I'd prefer to see offsets in hex.

llvm/tools/llvm-pdbutil/DumpOutputStyle.cpp
874 ↗(On Diff #104924)

Not 4? I guess it won't matter, the publics stream never has scope records.

llvm/tools/llvm-pdbutil/MinimalSymbolDumper.cpp
673 ↗(On Diff #104924)

Looks like this was left behind after search & replace & format.

zturner added inline comments.Jun 30 2017, 2:13 PM
lld/test/COFF/pdb-comdat.test
44 ↗(On Diff #104924)

I'm kind of of two minds here. I wanted them to look visually distinct from type indices, and there's also the issue of the size fields. Someone should be able to look at the size field (which is also printed) and easily compute the next offset. It's harder to mentally do hex math than decimal math so but this way someone can easily see that Offset(N+1) = Offset(N) + Size(N)

llvm/tools/llvm-pdbutil/DumpOutputStyle.cpp
874 ↗(On Diff #104924)

Nope, it's actually 0 here.
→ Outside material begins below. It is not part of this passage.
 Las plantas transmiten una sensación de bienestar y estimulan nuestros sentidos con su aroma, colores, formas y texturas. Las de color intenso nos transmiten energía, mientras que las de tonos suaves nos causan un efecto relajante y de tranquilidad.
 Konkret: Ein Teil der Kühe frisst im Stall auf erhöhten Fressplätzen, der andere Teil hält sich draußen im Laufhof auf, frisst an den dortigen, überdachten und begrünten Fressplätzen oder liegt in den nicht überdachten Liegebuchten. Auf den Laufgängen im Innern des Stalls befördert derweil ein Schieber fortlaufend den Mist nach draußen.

Publics has a bunch of header information and then a field which says "the symbol records are over here somewhere in another stream". And in that stream, the symbols are at offset 0.
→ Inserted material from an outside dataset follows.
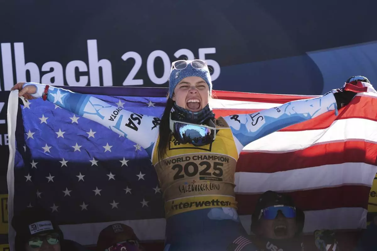 United States' Breezy Johnson celebrates on the podium after winning the gold medal in a women's downhill race, at the Alpine Ski World Championships, in Saalbach-Hinterglemm, Austria, Saturday, Feb. 8, 2025. (AP Photo/Giovanni Auletta)

I guess the conceptual difference is that the public symbol record stream is literally nothing but symbol records, whereas the module debug stream (which is where module symbols come from) contains an embedded substream which contains symbol records, so they put a 4 byte identifier before it that says "symbols are up next!". Not really necessary, but that's about the only thing I can think of.

rnk added inline comments.Jun 30 2017, 2:31 PM
lld/test/COFF/pdb-comdat.test
44 ↗(On Diff #104924)

Hard to do mental math in hex? Get gud.

I agree, though, size, offset, parent, and end should all be in the same base. It might as well be decimal for now.

This revision was automatically updated to reflect the committed changes.